Человек пробует наркотики, а затем вырабатывается
зависимость. Это случается, как правило, когда ничто другое в жизни
особого интереса не вызывает, по-настоящему не вдохновляет хотя бы на
такую ерунду, как встать с утра, побриться… Никто не начинает колоться с
намерением стать наркоманом: просто в одно прекрасное утро ты
просыпаешься в тяжелом отходняке, и это значит — все, ты прочно подсел.
В отличие от спиртного или травы, настоящая дурь — не источник кайфа и не стимулятор. Дурь — это образ жизни.
У Уильяма был приятель, работавший в порту и
исправно тащивший оттуда все, что плохо лежит. Как-то раз этот приятель
заявился к нему с автоматом и упаковкой из пяти ампул морфия — дома у
него лежало еще пятнадцать таких упаковок — и попросил помочь найти
покупателя на это «добро». На автомат покупатель нашелся легко, с
морфием же пришлось повозиться. Впрочем, довольно быстро через другого
своего приятеля Уильям вышел на двоих типов, Роя и Германа, которые и
взяли часть товара. А несколько дней спустя он вколол себе одну из
оставшихся ампул.
Вслед за волной теплой, ни на что не похожей
расслабленности Уильяма охватил дикий страх — какой-то ужасающий образ
маячил рядом, никак не попадая в поле зрения и оттого становясь еще
ужаснее. А потом началось цветное кино: громадный, залитый неоновым
светом бар и официантка, несущая на подносе череп — нагляднейшее
воплощение страха смерти… Наутро он очнулся все с тем же ощущением
ужаса; его стошнило, полдня он чувствовал себя совершенно разбитым.

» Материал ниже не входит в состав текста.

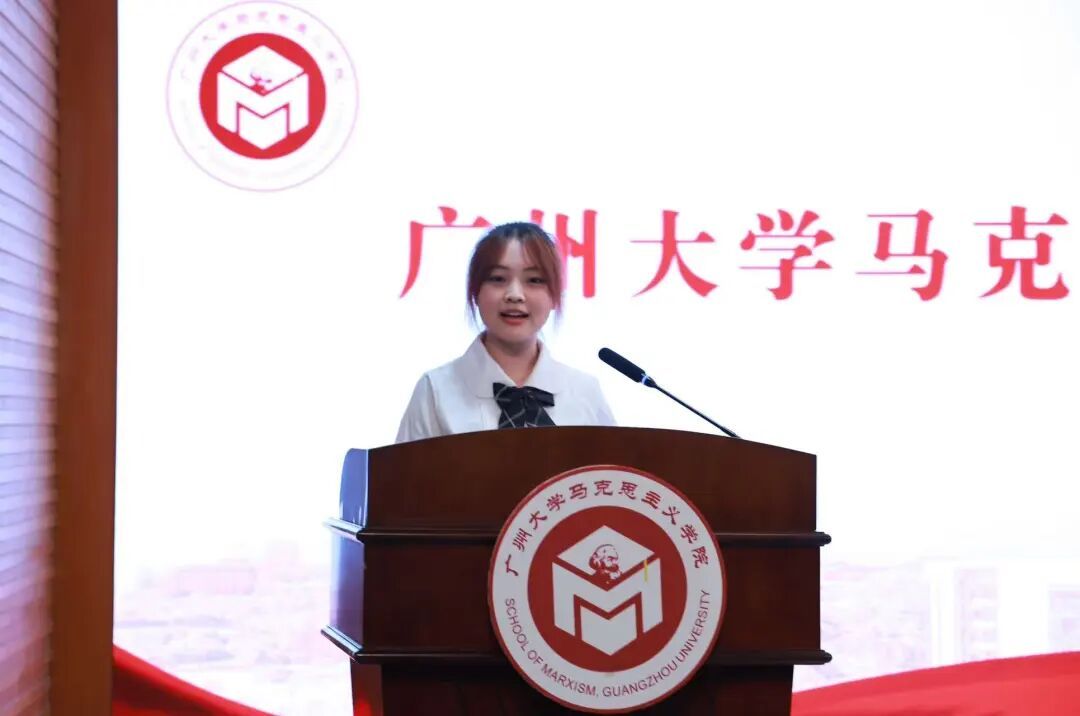 校友代表、中山大学硕士研究生许嘉炜同学回顾本科期间的求学经历,感念母校的辛勤栽培,并鼓励同学们善用广大马院提供的资源和平台,实现自我提升。他分享了三点体会:第一,认真研读经典原著,夯实理论基础;第二,积极参与学科竞赛,锻炼综合能力;第三,积极参与文体活动,保持身心健康。他祝愿同学们不忘初心,开启人生的崭新篇章。
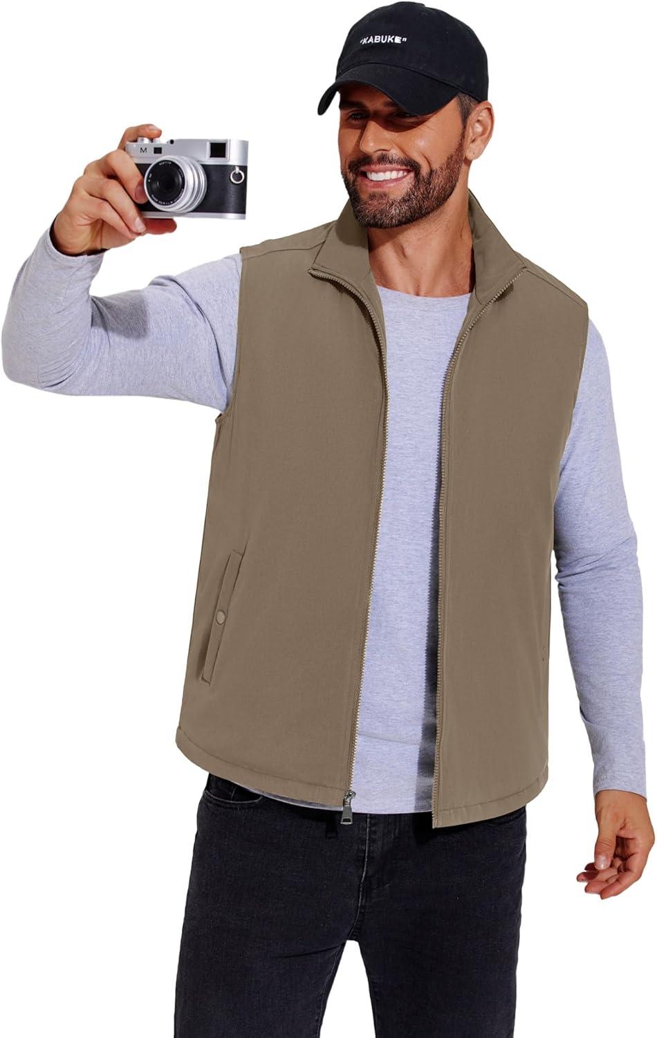 COOFANDY Men’s Casual Outerwear Vest Lightweight Full-Zip Sleeveless Jacket Outdoor Hiking Travel Golf Vest with Pockets(Khaki)

За месяц Уильям понемногу использовал весь
оставшийся у него морфий; после третьей дозы приступы ужаса
прекратились. Когда запас истощился, он стал покупать зелье у Роя. Тот
же Рой обучил его всем техническим премудростям наркоманского быта, в
том числе умению доставать рецепты на морфий и отоваривать их в аптеках:
одни врачи ловились на симуляцию камней в почках, для других, не
имевших иной клиентуры, выписка рецептов наркоманам была основной
статьей дохода. Постепенно и проводить время Уильям стал в баре, где
тусовались в основном голубые и торчки, достававшие деньги на очередную
дозу, шаря по карманам пьяных в подземке.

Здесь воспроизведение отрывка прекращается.